DCDの運動機能障害への対応は、練習を重ねるしかないのか??
DCDの運動機能障害への対応は、練習を重ねるしかないのか??
そんな論文を見たら読むしかないですよね。
Is Treating Motor Problems in DCD Just a Matter of Practice and More Practice?
Marina M. Schoemaker & Bouwien C. M. Smits-Engelsman : Current Developmental Disorders Reports volume 2, pages150–156 (2015)
結論…そんなわけはない。
最も重要なことは、DCDの子どもが運動/活動に「楽しみ」と「成功体験」が得られることです。
もう一つ大事なことは、「メタ認知的な問題解決能力」の発達です。メタ認知とは、「自己の認知活動のモニタリング」とも言われ、いわゆる自己を客観的に捉え、理解すること…とも考えられます。

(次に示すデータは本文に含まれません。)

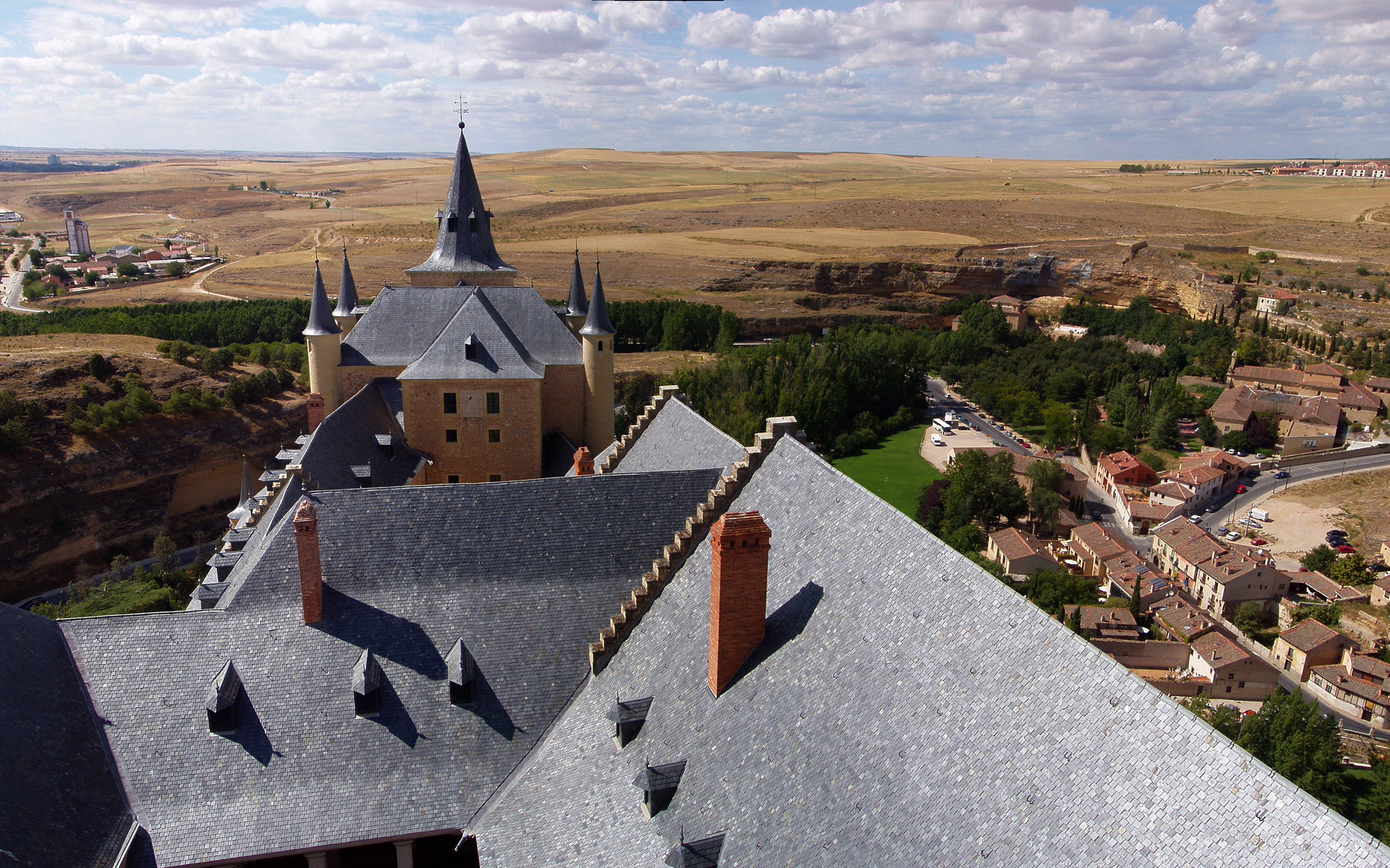 Description: A castle with a tower and a clock on it's side in a rural area with a river running through it.
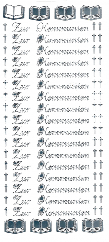 Ziersticker mit 17 Schriftzügen Zur Kommunion, 51 kl. Kreuze, 8 Bibeln
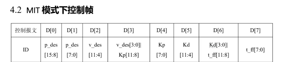 首先来说说MIT协议,MIT其实就是一种与电机约定好的一种格式,它基于CAN,与电机约定传输的八个数据字节都传输的是什么内容。

問題解決能力とは、「the goal-plan-do-check strategy」であり、効率的な学習を進めるために、自分のパフォーマンスを確認したり、どのように修正し学ぶ必要があるのか?等を思考する必要があります。療法士は学びのための環境調整やコツを教えるのではなく、誘導する/発見させる?ことがポイントになります。原文では、「guided discovery (ask and not tell)」だそうです。
この理論に特化しているのは、Neuromotor Task Training (NTT) とThe Cognitive Orientation to daily Occupational Performance (CO-OP)です。

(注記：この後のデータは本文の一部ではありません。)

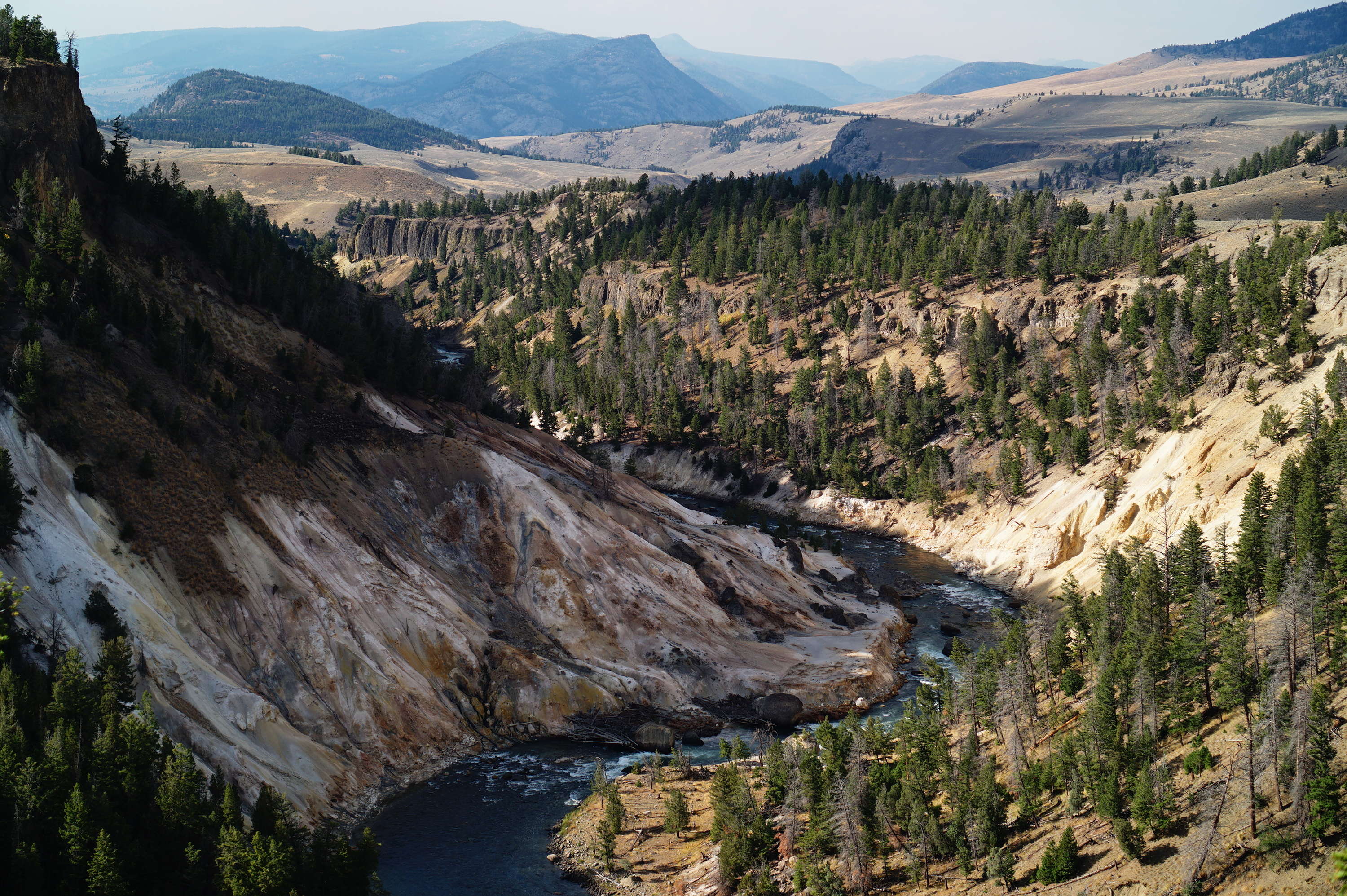 Nach einem gemütlichen Frühstück machen wir uns auf den Weg durch die endlosen Weiten um in den Yellowstone Nationalpark zu gelangen. Das Mobiltelefon hat kaum jemals Empfang, was die Leere dieser Gegend verdeutlicht. Aber ganz so Endlos ist es zum Glück nicht: am Nachmittag treffen wir im Nationalpark von Norden her ein und können gleich die versteinerten Wasserfälle anschauen. Die Landschaft ist wirklich wunderschön, auch wenn hier alles sehr trocken ist.
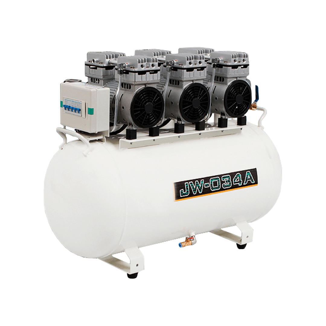Безмасляный стоматологический компрессор рассчитан на одновременное обслуживание 4–5 установок. Оснащён ресивером объёмом 90 литров и обеспечивает производительность до 350 л/мин.
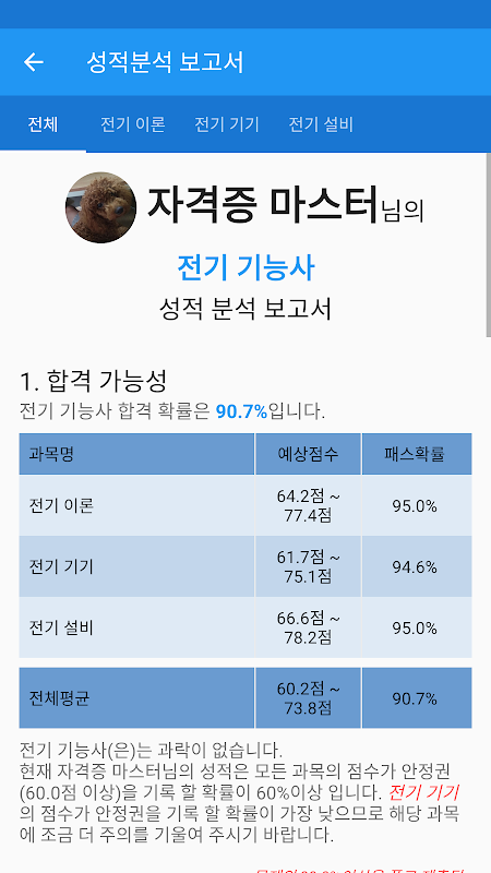 성적확인 - 각 과목별 성적 및 그동안 풀어본 기출문제와 모의고사, 문제풀기의 성적을 볼 수 있습니다.

やってることは、Task-oriented approachesですが、上記のような視点を体系的に実施しているイメージでしょうか。
私もipadとかで動画を撮ってあげたり、YoutubeやNHK for schoolの体育動画を見ながら自己のパフォーマンスと比較し、guided discoveryのサポートを行っています。
DCDの子どもたちにとっては、できないことはわかっているけど、どのように解決したらいいのか?何が問題なのか?を考えることが難しいので、課題の難易度を調整したり、必要に応じて適切な感覚運動経験を身体誘導したりして、成功体験/正のフィードバックを与え、モチベーションを維持/向上させる必要があります。
この論文では、「楽しみ」と「成功体験」の初期導入のあたってNintendo Wii Fit TrainingやKinect、PlayStation EyeToyの利用も推奨しています。勿論、Task-oriented approachesと比較すると、その効果量は若干低くなりますが、有効性は十分に研究で示されています。
たかが「ゲーム」、されど「ゲーム」ってやつですかね。とは言え、日常生活の動作や実際の運動スキル、長期的な効果についてはまだ検証されていませんので、Task-oriented approachesとの併用、「楽しみ」と「成功体験」の提供のひとつとして考えるべきかと思います。